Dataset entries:
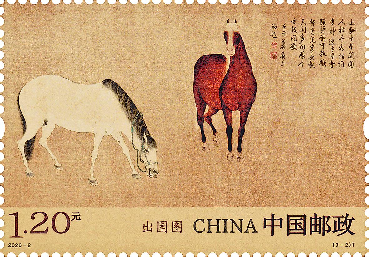 3月3日,《出圉图》特种邮票1套3枚发行。邮票图案名称均为:出圉图(局部)。
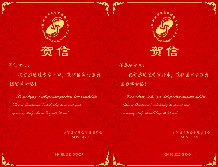 近日,国家留学基金委公布了“2023年创新型人才国际合作培养项目”录取名单,我院园艺植物资源与利用专业博士研究生周仙和郑嘉瑞同学获得国家公派留学资格。
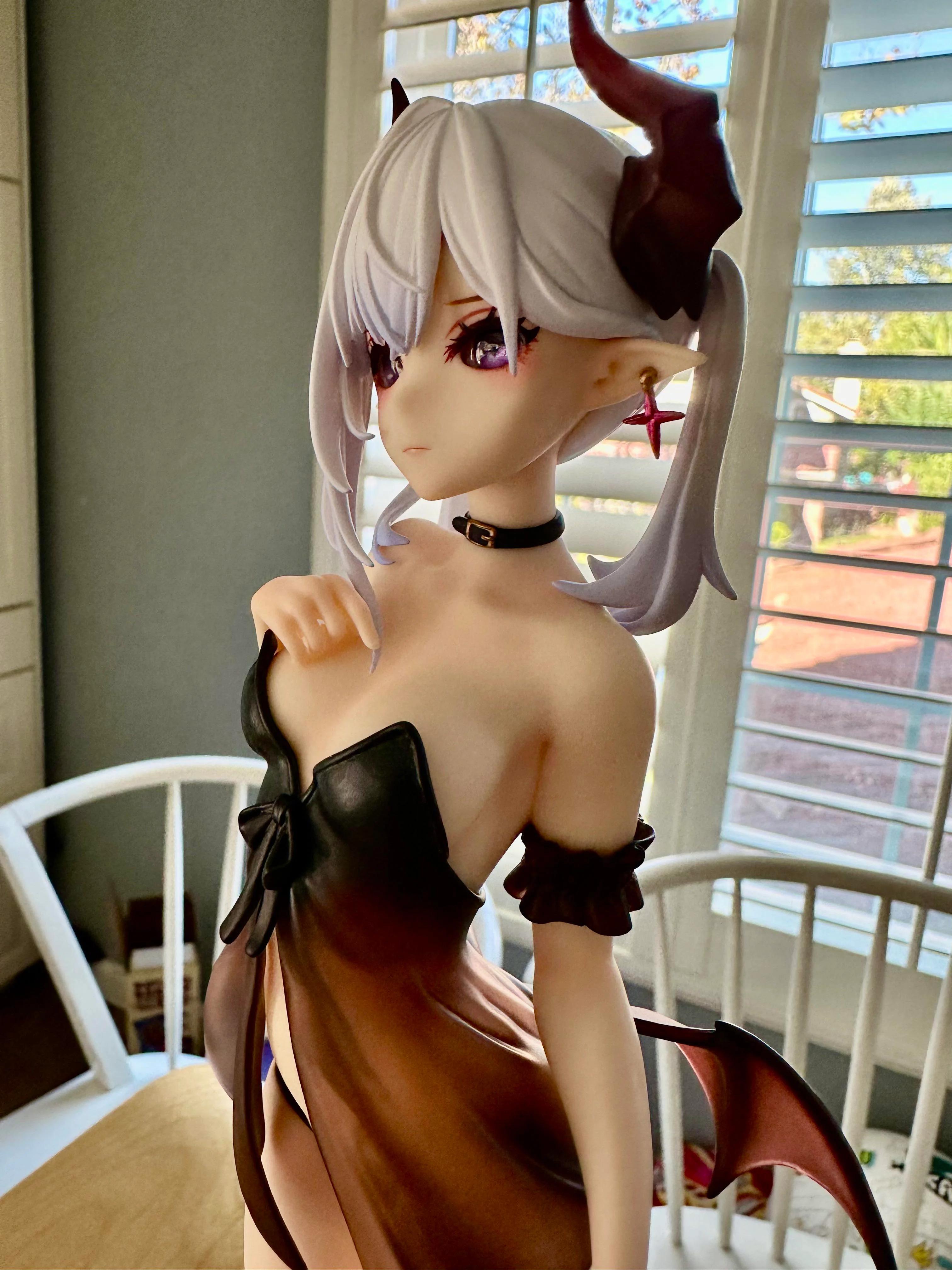 >детализация очень хорошая но мне пришла фигурка с браком, криво приклеена нога, из-за чего в подставку плохо вставлялась и в итоге треснула, за эту цену, наверное и нормально, в целом на полке незаметно этого но вблизи это ужасно
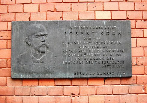 Das 1916 von Louis Tuaillon vollendete Koch-Denkmal aus Marmor kehrte nach langer Abwesenheit im März 1982 gereinigt und restauriert auf das Charité-Gelände zurück, allerdings nicht auf seinen originalen Standort. Die Figur zeigt den Entdecker des Erregers der Tuberkulose und Professor für Hygiene an der Friedrich-Wilhelms-Universität (Humboldt-Universität) sowie Leiter des Instituts für Infektionskrankheiten der Charité sitzend und bekleidet mit einem langen Arztkittel. Eine Hand ist auf die Stuhllehne gestützt, die andere ruht auf dem Knie. Robert Koch, Träger des Nobelpreises für Medizin des Jahres 1905 und Mitglied der Akademie der Wissenschaften, schaut selbstbewusst und konzentriert auf die Passanten. Der Bildhauer hat auf allegorische Zutaten, auch auf dicke Folianten, Schriftrollen und Gerätschaften verzichtet, wie man sie von anderen Gelehrten- und Künstlermonumenten des 19. Jahrhunderts kennt. Die Rückseite des Sockels trägt die Inschrift "Ich wünsche, dass im Kriege gegen die kleinsten aber gefährlichsten Feinde des Menschengeschlechts eine Nation die andere immer wieder überflügeln möge. R. Koch".
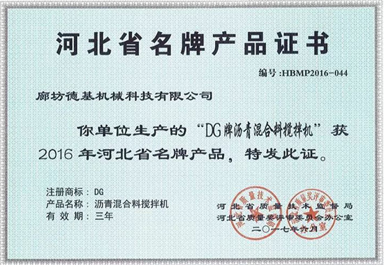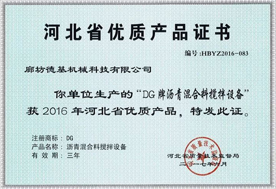 近日經質量技術監督直管部門推薦、第三方專業評價、用戶滿意度調查測評、省質量獎評審委員會審議等程序,河北省質量獎管理委員會授予德基機械瀝青混合料攪拌設備“河北省名牌產品”及“河北省優質產品”稱號。

WHAT IS EXPECTED - Wherever an image appears, omit it; copy the rest of the records exactly.

ANSWER FOR THIS EXERCISE -
 3月3日,《出圉图》特种邮票1套3枚发行。邮票图案名称均为:出圉图(局部)。
 近日,国家留学基金委公布了“2023年创新型人才国际合作培养项目”录取名单,我院园艺植物资源与利用专业博士研究生周仙和郑嘉瑞同学获得国家公派留学资格。
 >детализация очень хорошая но мне пришла фигурка с браком, криво приклеена нога, из-за чего в подставку плохо вставлялась и в итоге треснула, за эту цену, наверное и нормально, в целом на полке незаметно этого но вблизи это ужасно
 Das 1916 von Louis Tuaillon vollendete Koch-Denkmal aus Marmor kehrte nach langer Abwesenheit im März 1982 gereinigt und restauriert auf das Charité-Gelände zurück, allerdings nicht auf seinen originalen Standort. Die Figur zeigt den Entdecker des Erregers der Tuberkulose und Professor für Hygiene an der Friedrich-Wilhelms-Universität (Humboldt-Universität) sowie Leiter des Instituts für Infektionskrankheiten der Charité sitzend und bekleidet mit einem langen Arztkittel. Eine Hand ist auf die Stuhllehne gestützt, die andere ruht auf dem Knie. Robert Koch, Träger des Nobelpreises für Medizin des Jahres 1905 und Mitglied der Akademie der Wissenschaften, schaut selbstbewusst und konzentriert auf die Passanten. Der Bildhauer hat auf allegorische Zutaten, auch auf dicke Folianten, Schriftrollen und Gerätschaften verzichtet, wie man sie von anderen Gelehrten- und Künstlermonumenten des 19. Jahrhunderts kennt. Die Rückseite des Sockels trägt die Inschrift "Ich wünsche, dass im Kriege gegen die kleinsten aber gefährlichsten Feinde des Menschengeschlechts eine Nation die andere immer wieder überflügeln möge. R. Koch".
 近日經質量技術監督直管部門推薦、第三方專業評價、用戶滿意度調查測評、省質量獎評審委員會審議等程序,河北省質量獎管理委員會授予德基機械瀝青混合料攪拌設備“河北省名牌產品”及“河北省優質產品”稱號。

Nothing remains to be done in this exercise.